* **Your objective**
Among the entries that follow, locate the line with "2023 жылдың қыркүйегінде" and the line with "Green Infrastructures initiatives". Output those lines and all lines in between, exactly, minus the pictures.

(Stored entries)
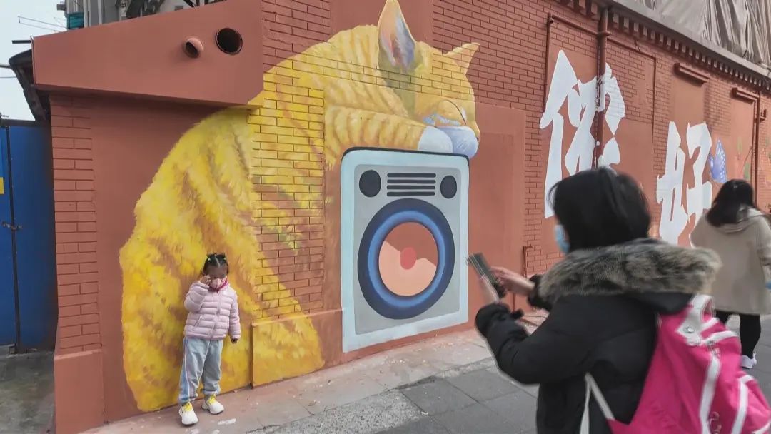 惊喜现身!在黄浦区西藏南路与会稽路的交汇处,一幅幅生动有趣的猫猫涂鸦悄然登场,瞬间成为城市中的新晋网红打卡地。温暖的色彩、活泼的线条,仿佛一股清流,为繁忙的都市生活带来了一抹温柔的“治愈风”。
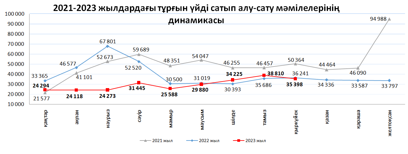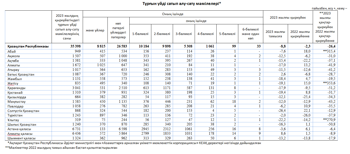2023 жылдың қыркүйегінде тұрғын үйді сатып алу-сату мәмілелері алдыңғы жылдың тиісті айымен салыстырғанда 2,3%-ға азайған, ол кезде 36 241 мәміле ресімделген болатын. Азаюдың ең жоғарғы көрсеткіші Түркістан облысында (26%-ға) тіркелді, ал Солтүстік-Қазақстан облысында ұлғаюдың ең үлкен көрсеткіші (22,1%-ға) байқалды. Теріс динамика 2023ж. қаңтар-қыркүйек айларындағы мәмілелер санының 2022ж. қаңтар-қыркүйек айларындағы мәмілелер санымен салыстырғанда орын алды және -26,4%-ды құрады.
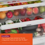 | Acabamento interno | PRATELEIRAS, CESTOS E GAVETAS REFRIGERADOR: Prateleiras do refrigerador em vidro com perfis traseiros e frontais em plástico extrudado na cor branca; Prateleiras de porta e compartimento cold room injetados em plástico transparente; Gavetas de legumes injetado em plástico transparente com acabamento branco e serigrafado.
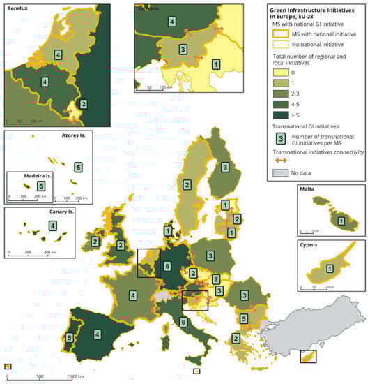 Green Infrastructures initiatives in Europe, EU 28 (EEA, 2017).
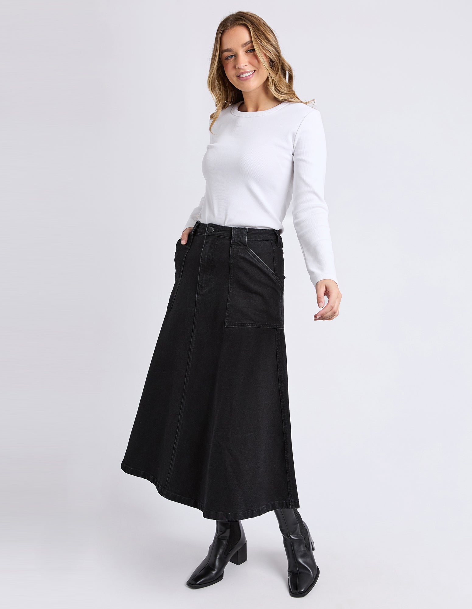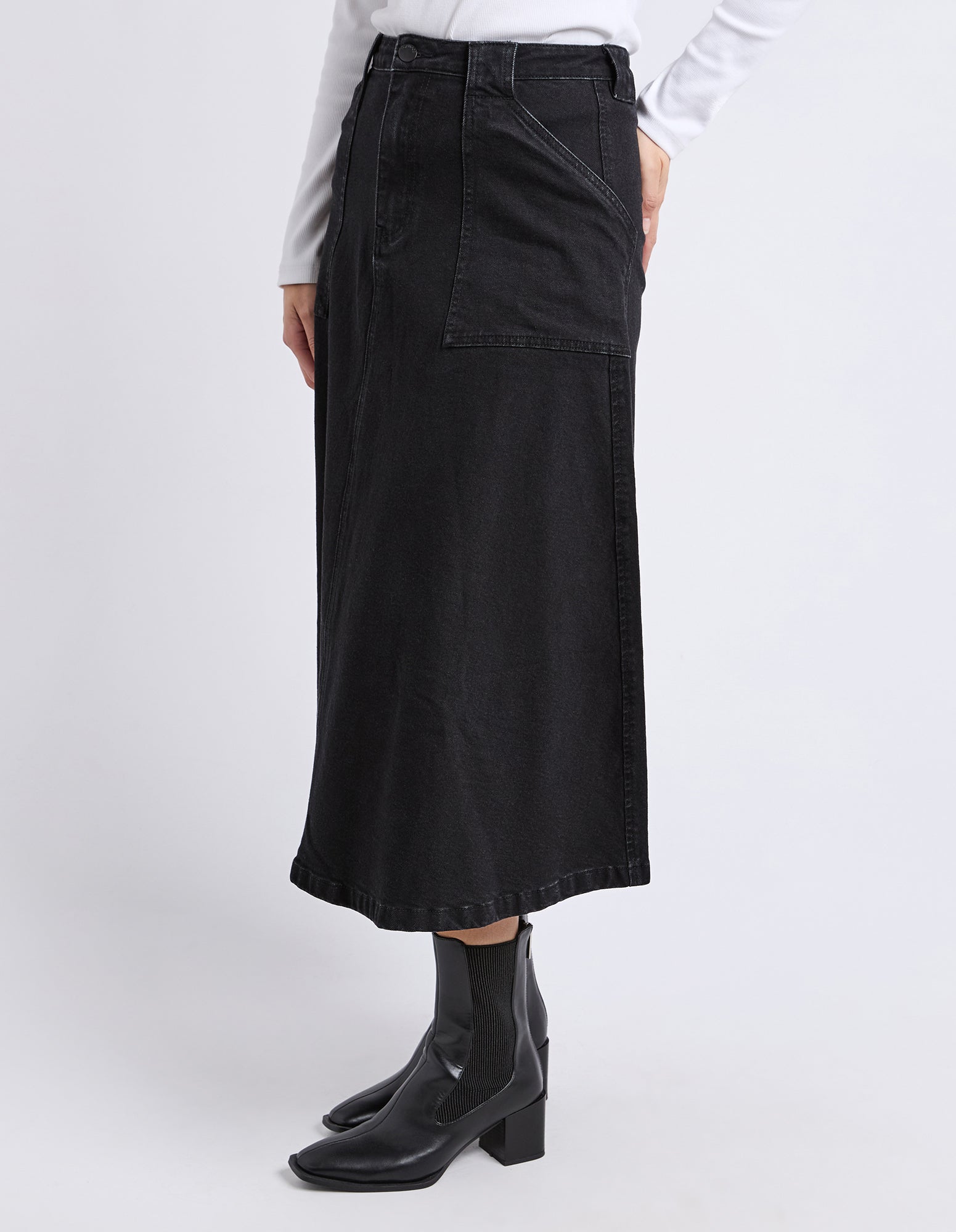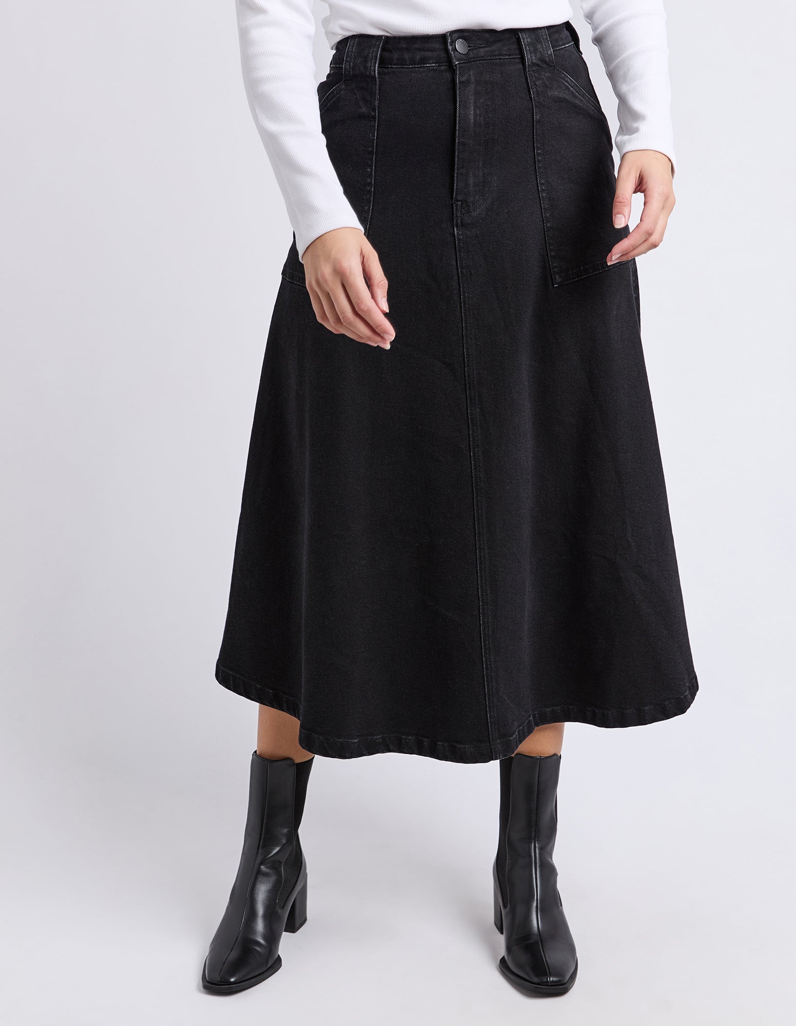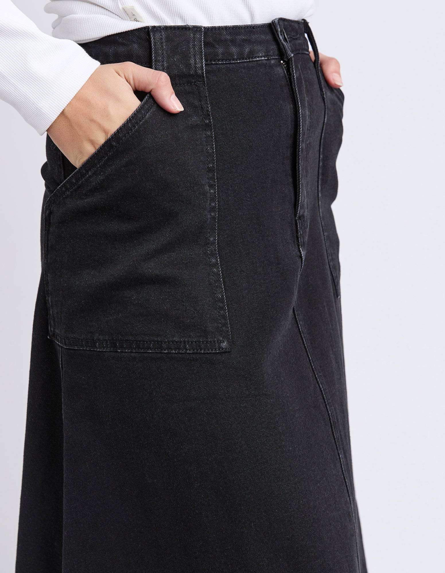 The Potter Skirt brings a modern spin to classic denim plus we have it in as featured in washed black with its full, easy-moving shape and clean front fly. Designed with front patch pockets and just the right amount of stretch, it’s made for all-day comfort without losing structure. Style it with boots or sneakers and let it do the talking.
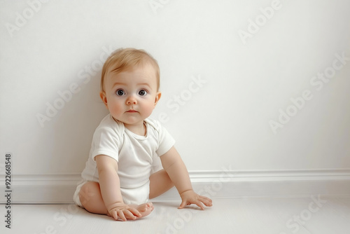 A curious baby exploring a bright, minimalist room on a sunny afternoon
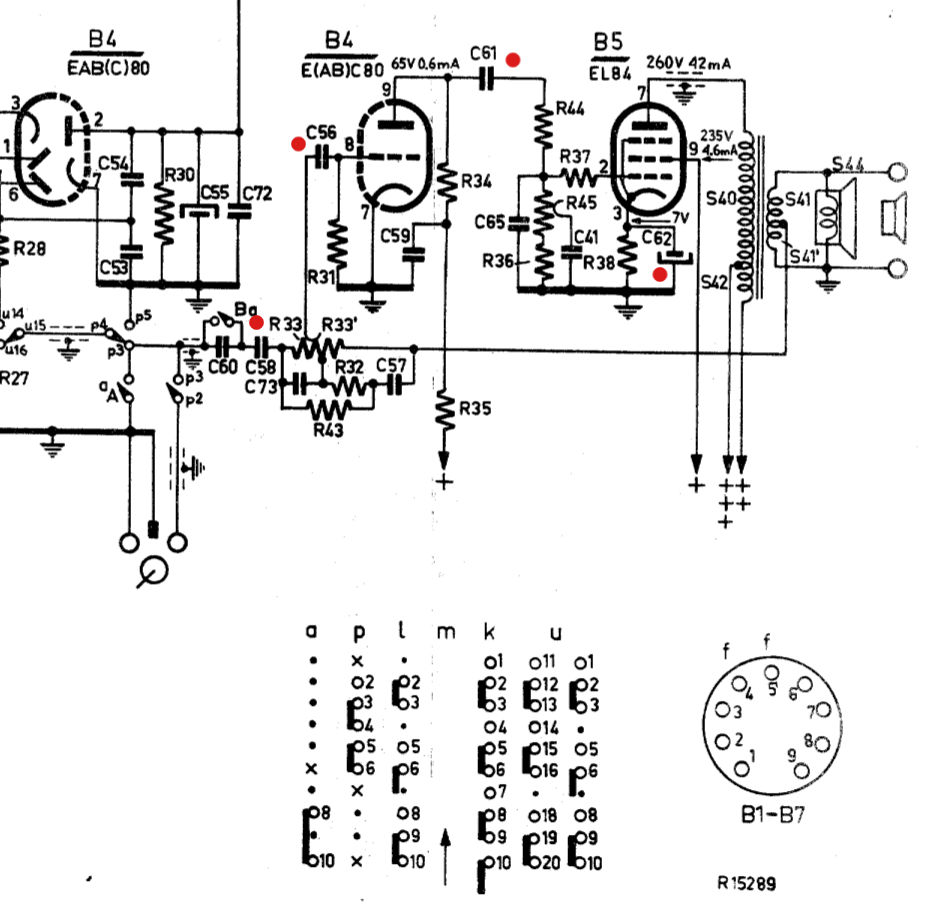 Mulla ei nyt ollut tuon radion kaaviota, mutta tästä on kyllä apua - noi punaisella pallukalla merkityt kannattaa vaihtaa aluksi. C58 ja C61 on 33 nF (500 tai 630 V), C56 on 4,7 nF mutta 22 nF käy (500 tai 630 V), C62 on 100 uF (mikrofaradia) 63 tai 100 V.
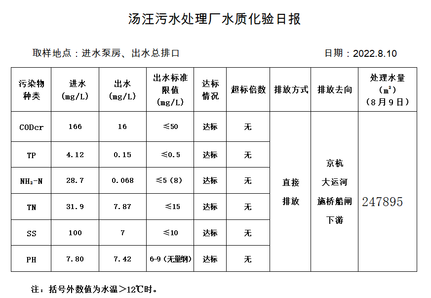 汤汪污水处理厂水质化验日报(2022.8.10)
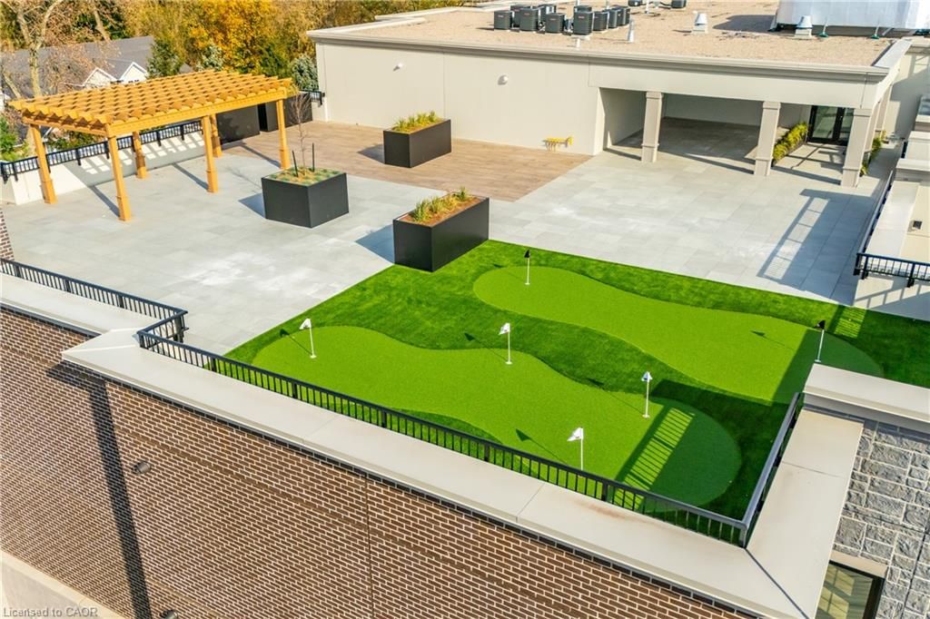Welcome to this beautifully finished condo, offering 2 beds + den, 2 baths and 1,146 sq. Ft. Of thoughtfully designedliving space. Located on the main level, this unit features both a private balcony and an impressive oversized terrace -ideal for relaxing or entertaining. The open-concept layout is enhanced by high-end finishes throughout, including a fullled pot-light package and over $51,000 in luxury upgrades. The versatile den works perfectly as a home office oradditional living space. Residents enjoy access to premium building amenities such as rooftop terraces, a fullyequipped fitness centre, and a stylish party room, along with the added convenience of underground parking and astorage locker. Set within a highly desirable ancaster community, this condo offers a seamless blend of comfort, style,and functionality.
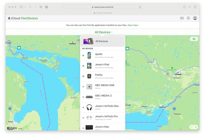 - Pide que seleccionen Todos los dispositivos en la parte superior de la pantalla, encima del mapa.
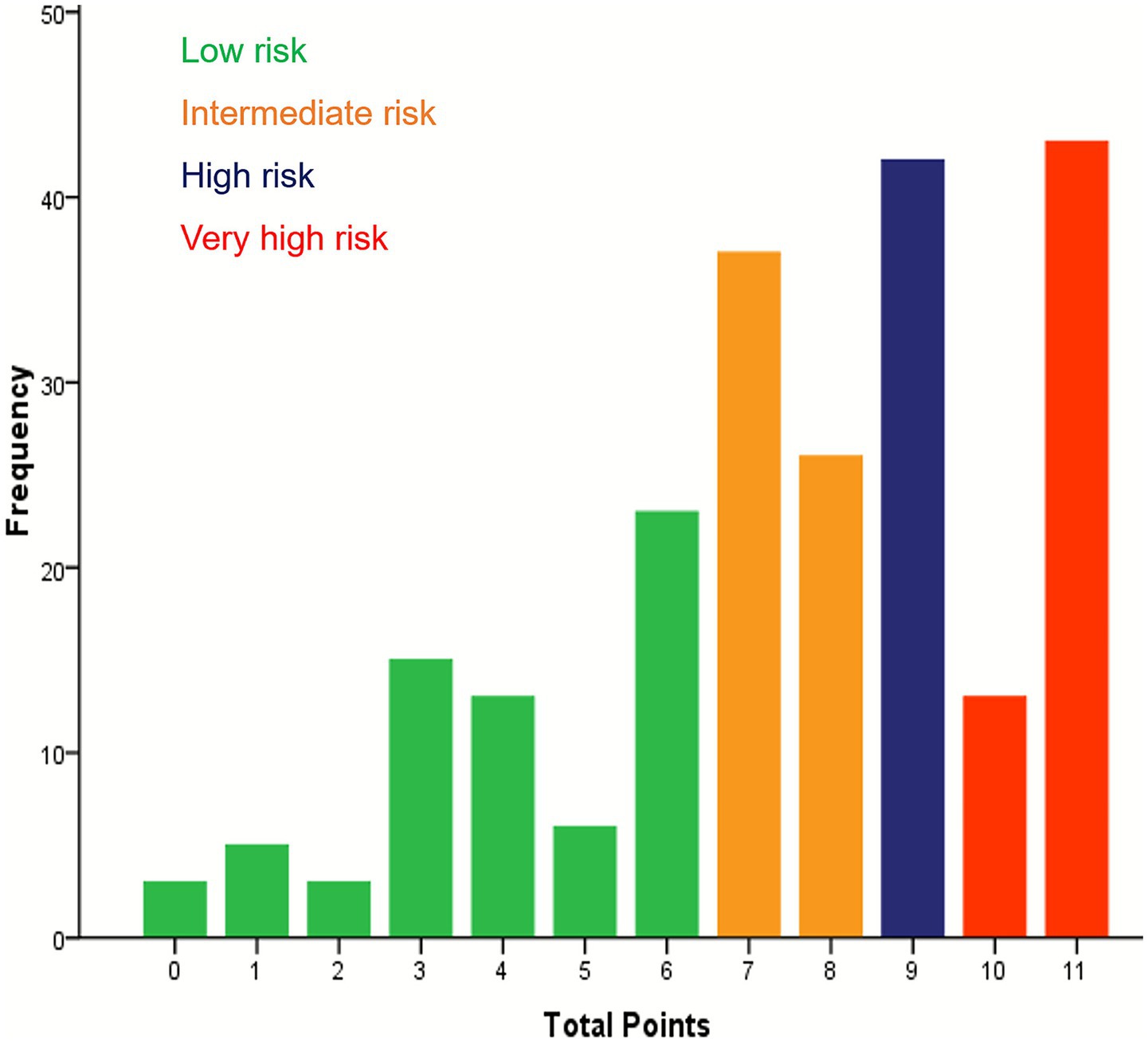 Figure 3. Showing the distribution of patients across the total sum of points and four risk groups in cardia cancer patients.

* **Task output**
2023 жылдың қыркүйегінде тұрғын үйді сатып алу-сату мәмілелері алдыңғы жылдың тиісті айымен салыстырғанда 2,3%-ға азайған, ол кезде 36 241 мәміле ресімделген болатын. Азаюдың ең жоғарғы көрсеткіші Түркістан облысында (26%-ға) тіркелді, ал Солтүстік-Қазақстан облысында ұлғаюдың ең үлкен көрсеткіші (22,1%-ға) байқалды. Теріс динамика 2023ж. қаңтар-қыркүйек айларындағы мәмілелер санының 2022ж. қаңтар-қыркүйек айларындағы мәмілелер санымен салыстырғанда орын алды және -26,4%-ды құрады.
 | Acabamento interno | PRATELEIRAS, CESTOS E GAVETAS REFRIGERADOR: Prateleiras do refrigerador em vidro com perfis traseiros e frontais em plástico extrudado na cor branca; Prateleiras de porta e compartimento cold room injetados em plástico transparente; Gavetas de legumes injetado em plástico transparente com acabamento branco e serigrafado.
 Green Infrastructures initiatives in Europe, EU 28 (EEA, 2017).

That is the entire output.